Major research focuses are the genetics of complex diseases with a special focus on lipid- and atherosclerosis related traits, next generation sequencing, the genetics of Lipoprotein(a), third generation sequencing and applied bioinformatics.
Full Professor and former Chair of the Department of Biological Sciences at Florida International University. Director of FIU DNA Core facility. Past Program Director for NSF Division of Environmental Biology, Systematics and Biodiversity Cluster.
Research interests include: Molecular Systematics, Evolution, Biogeography, and Phylogeography: Rates, patterns, and mechanisms of molecular evolution , including nucleotide sequence evolution and mitochondrial gene order change, and consequences for phylogenetic reconstruction and reconstruction of ancestral states. Integration of molecular data with paleontological and morphological data. Using phylogenies to address biological questions.

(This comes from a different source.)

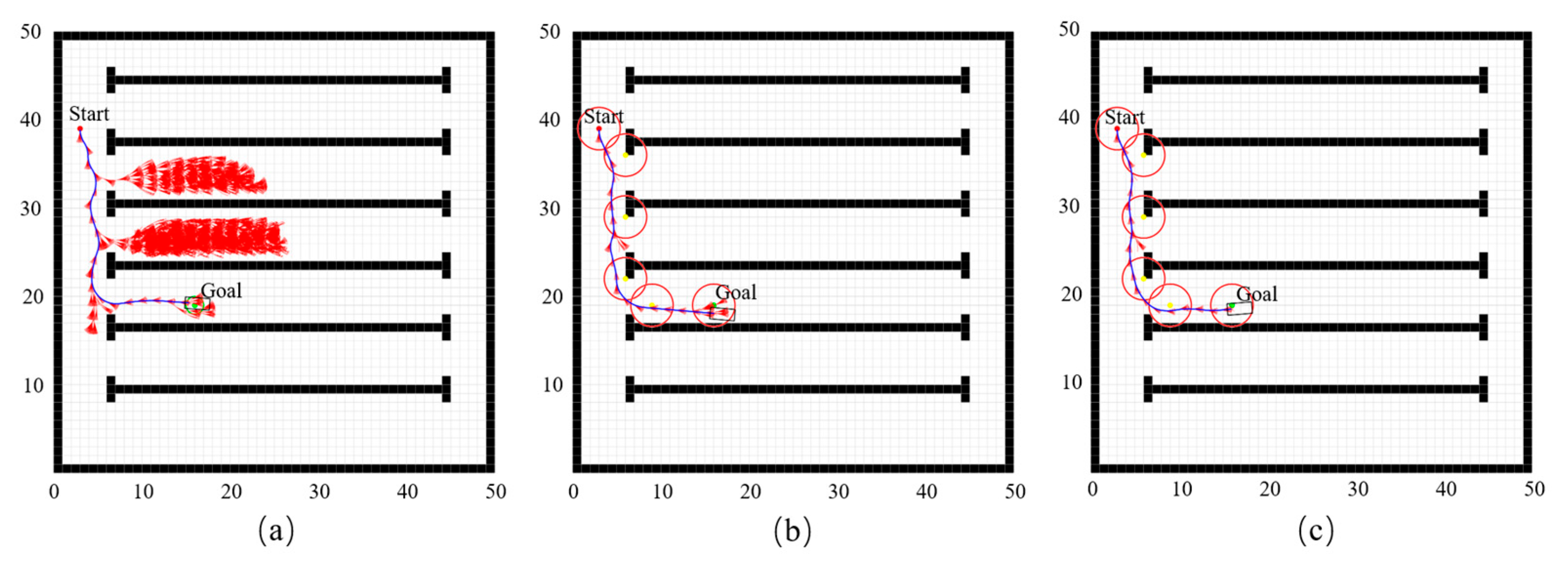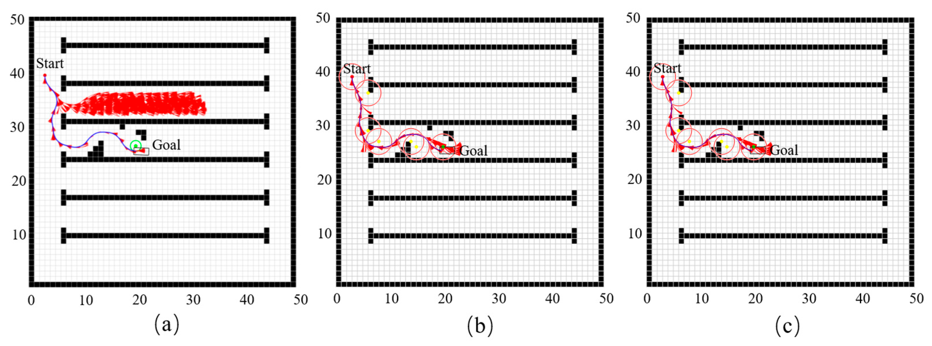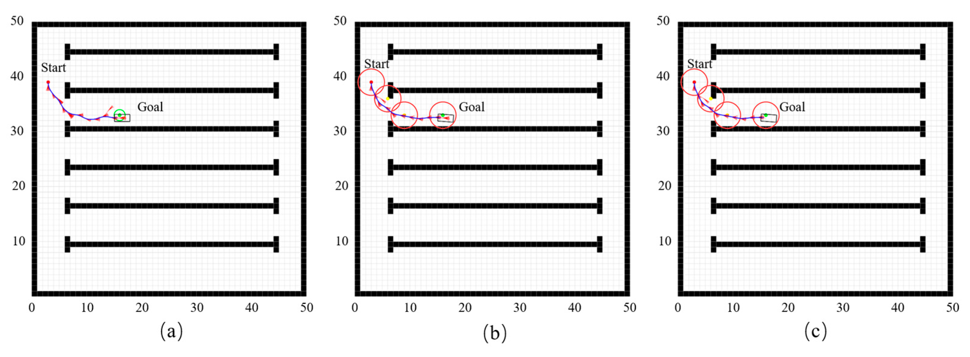 Figure 9a–c present the results of the standard Hybrid A-star, DG–Hybrid A-star, and Dy–DG–Hybrid A-star algorithms, respectively. In

Senior Lecturer in Biological Sciences at the University of Huddersfield, since 2015. Previously Junior Research Fellow, College Lecturer In Biochemistry and various postdocs at the University of Oxford (2013-15). Working on DNA replication, genome integrity and transcription factors in human cancers (and also in prokaryotes). Additional interests in phylogenomics and novel protein expression systems.
Founding Director of the Computational Biology Institute at George Washington University. Past Chair of the Department of Biology at Brigham Young University. PhD in Biology and Biomedical Sciences from Washington University in St. Louis.
Professor of Biology and Associate Vice President for Research at the University of Oregon. Research focuses on the genetics and genomics of evolutionary change. Elected Fellow, AAAS.
Xiangqin Cui is an associate professor in the Biostatistics Department, Section on Statistical Genetics, at University of Alabama at Birmingham. She received her Ph.D in Genetics at Iowa State University in 2001 and a three-year postdoctoral training in statistical genetics at the Jackson Laboratory afterwards. Her research is on experimental design and data analyses of high-throughput experiments including microarray, next-generation sequencing, statistical genetics/genomics, epigenomics.